[TASK INSTRUCTIONS]:
Retype every line from the top of the entries down to the one with "性質:硼化鎢的結構為八角形晶", both included, and skip the pictures.

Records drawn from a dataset
======
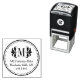Stylish personalized self-inking stamp design features a round dotted frame with a damask flourished monogram initial and return address text.
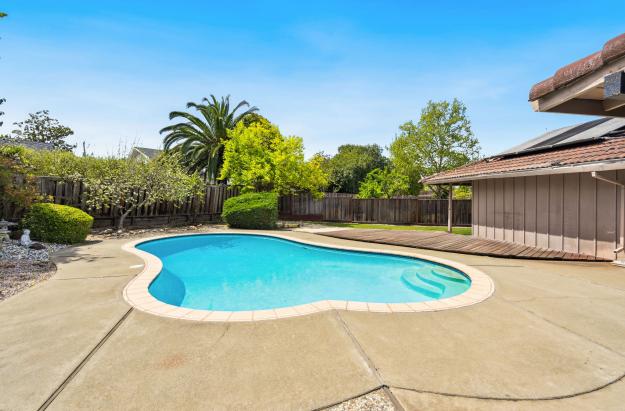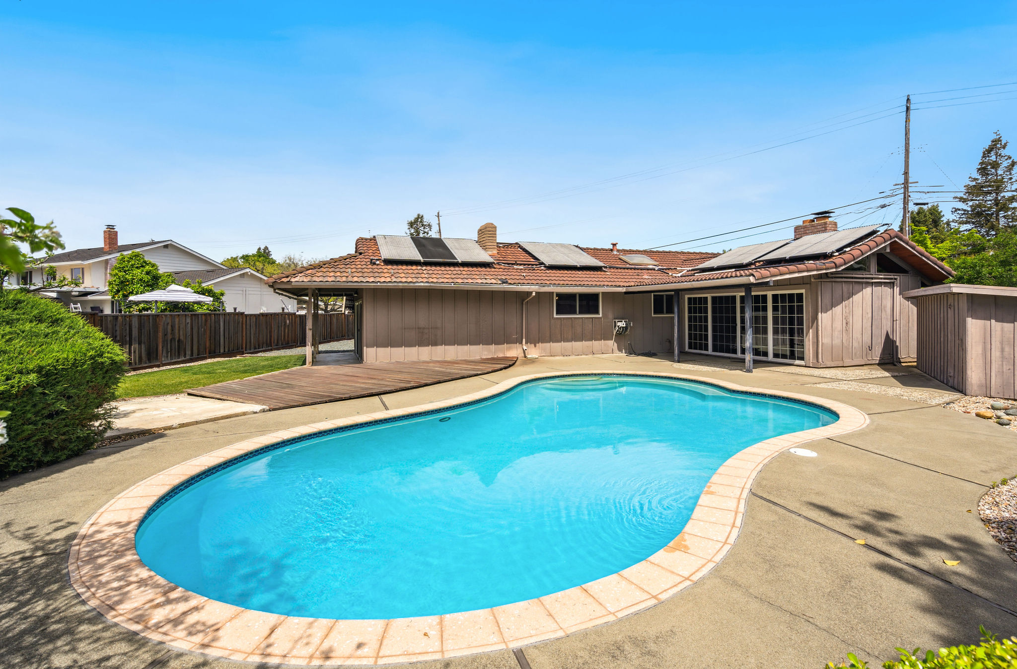 Situated in the desirable Northgate neighborhood on a large flat lot, this single-story home features 2 bedrooms with a room to create a third bedroom, and 2 bathrooms. Ready to put your own touch on it, this charming 2606 SF home offers parquet and hardwood flooring, and neutral paint throughout. Illuminated by a skylight, the kitchen is appointed with a breakfast bar, gas stovetop and nook that seamlessly flow into the family room. The quintessential family room boasts a fireplace, built-in bookcases, vaulted ceilings, and a sliding glass door that leads to the backyard patio. Perfect for entertaining, the formal dining room features a two-way fireplace that connects to a grand room with a wall of sliding glass doors, providing an ideal space for a third bedroom or living room. The primary suite has dual closets, an ensuite bathroom, and direct access to the side yard. Additional highlights include a secondary bedroom, a full hall bathroom and laundry room. Outside, enjoy the privacy of a fully fenced backyard, complete with a sparkling swimming pool, two storage sheds, patio and a lush lawn. There is also a two-car garage and plenty of space for RV/boat parking. Conveniently located near Oak Grove Swim Association, Arbolado Park, The Orchards Shopping Center, and top schools like Foothill Middle School and Walnut Acres Elementary.
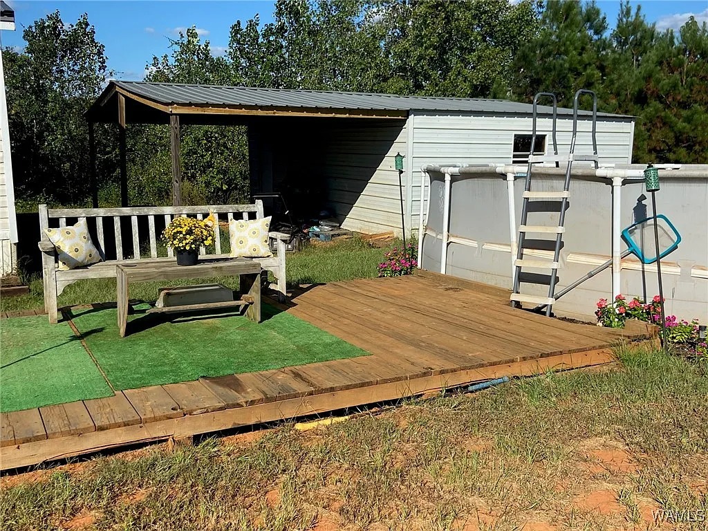 Furthermore, the home includes central heat and air conditioning for year-round comfort. A 12-by-24-foot wired shop offers space for hobbies, tools, or additional storage. Moreover, the above-ground pool and deck provide space for outdoor relaxation and summer entertainment. The property’s open acreage allows plenty of room for additional landscaping or outbuildings.
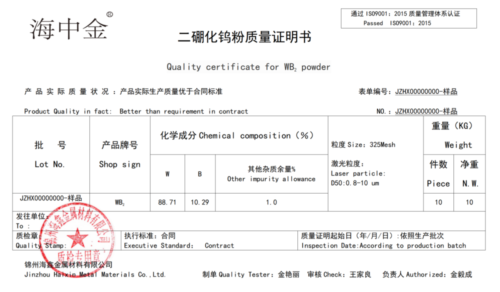 性質:硼化鎢的結構為八角形晶體,外觀為黑色粉末狀,密度為1.6 g/ml,熔點為2670℃,不溶于水,能溶于王水,具有大硬度,高韌性,耐磨損,耐高溫,耐腐蝕,良好的化學穩(wěn)定性和導電性,及對中子有優(yōu)異的吸收效果等特點。
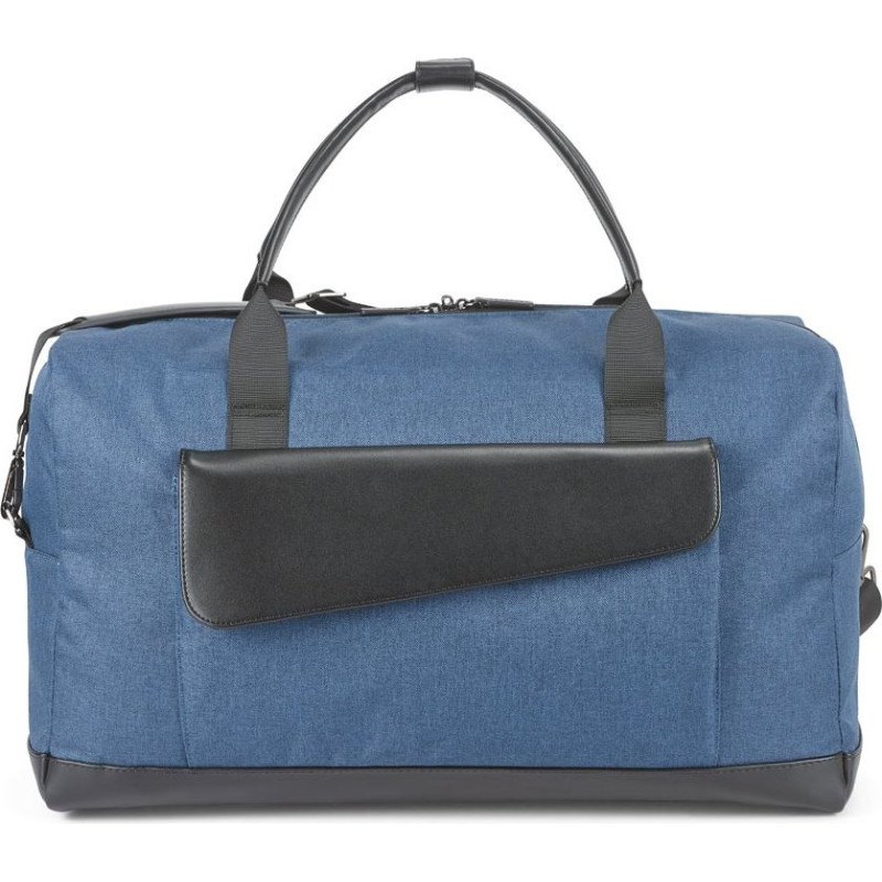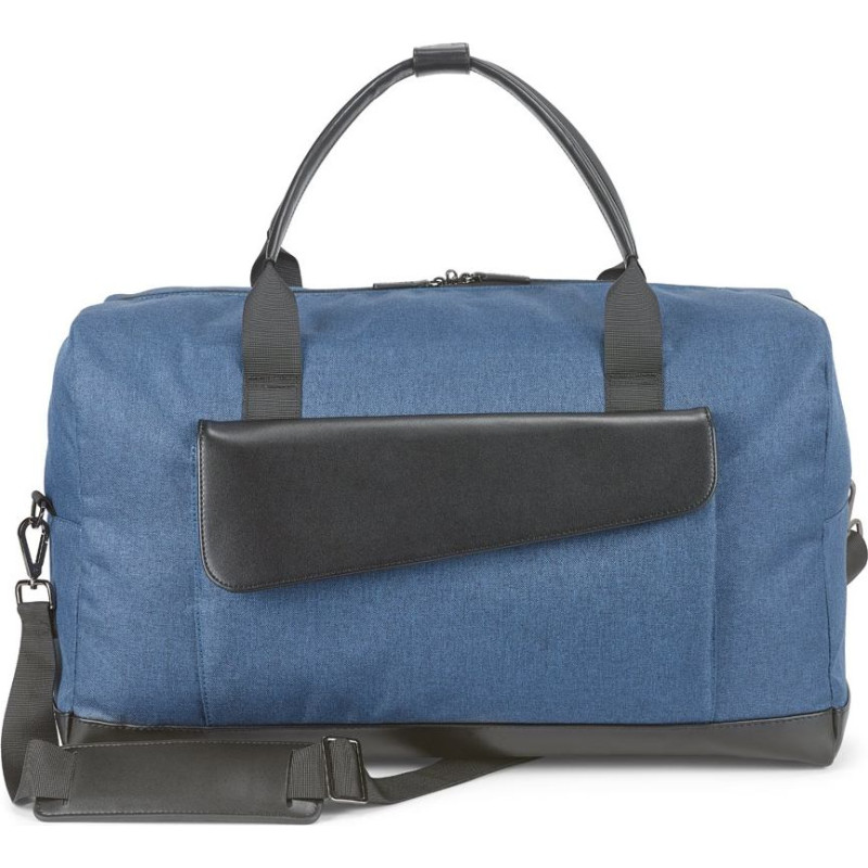 Practical and stylish travel bag in cationic 600D and high quality poly-fleece. The spacious main compartment is ideal for storing clothes and other necessities for short journeys. It also has four inside pockets and a front pocket with an asymmetrical flap. It has a space for a name tag, metal feet to protect the bag when it's set down, a zip design that can be controlled with a padlock (not included) and handles that are designed to be adjustable and comfortable. Capacity up to 32 litres. Supplied in a non-woven bag. Product includes Quality Test Report. Motion Bag: 500 x 300 x 250 mm | Bag: 700 x 450 x 75 mm
======
[REPLY]:
Stylish personalized self-inking stamp design features a round dotted frame with a damask flourished monogram initial and return address text.
 Situated in the desirable Northgate neighborhood on a large flat lot, this single-story home features 2 bedrooms with a room to create a third bedroom, and 2 bathrooms. Ready to put your own touch on it, this charming 2606 SF home offers parquet and hardwood flooring, and neutral paint throughout. Illuminated by a skylight, the kitchen is appointed with a breakfast bar, gas stovetop and nook that seamlessly flow into the family room. The quintessential family room boasts a fireplace, built-in bookcases, vaulted ceilings, and a sliding glass door that leads to the backyard patio. Perfect for entertaining, the formal dining room features a two-way fireplace that connects to a grand room with a wall of sliding glass doors, providing an ideal space for a third bedroom or living room. The primary suite has dual closets, an ensuite bathroom, and direct access to the side yard. Additional highlights include a secondary bedroom, a full hall bathroom and laundry room. Outside, enjoy the privacy of a fully fenced backyard, complete with a sparkling swimming pool, two storage sheds, patio and a lush lawn. There is also a two-car garage and plenty of space for RV/boat parking. Conveniently located near Oak Grove Swim Association, Arbolado Park, The Orchards Shopping Center, and top schools like Foothill Middle School and Walnut Acres Elementary.
 Furthermore, the home includes central heat and air conditioning for year-round comfort. A 12-by-24-foot wired shop offers space for hobbies, tools, or additional storage. Moreover, the above-ground pool and deck provide space for outdoor relaxation and summer entertainment. The property’s open acreage allows plenty of room for additional landscaping or outbuildings.
 性質:硼化鎢的結構為八角形晶體,外觀為黑色粉末狀,密度為1.6 g/ml,熔點為2670℃,不溶于水,能溶于王水,具有大硬度,高韌性,耐磨損,耐高溫,耐腐蝕,良好的化學穩(wěn)定性和導電性,及對中子有優(yōu)異的吸收效果等特點。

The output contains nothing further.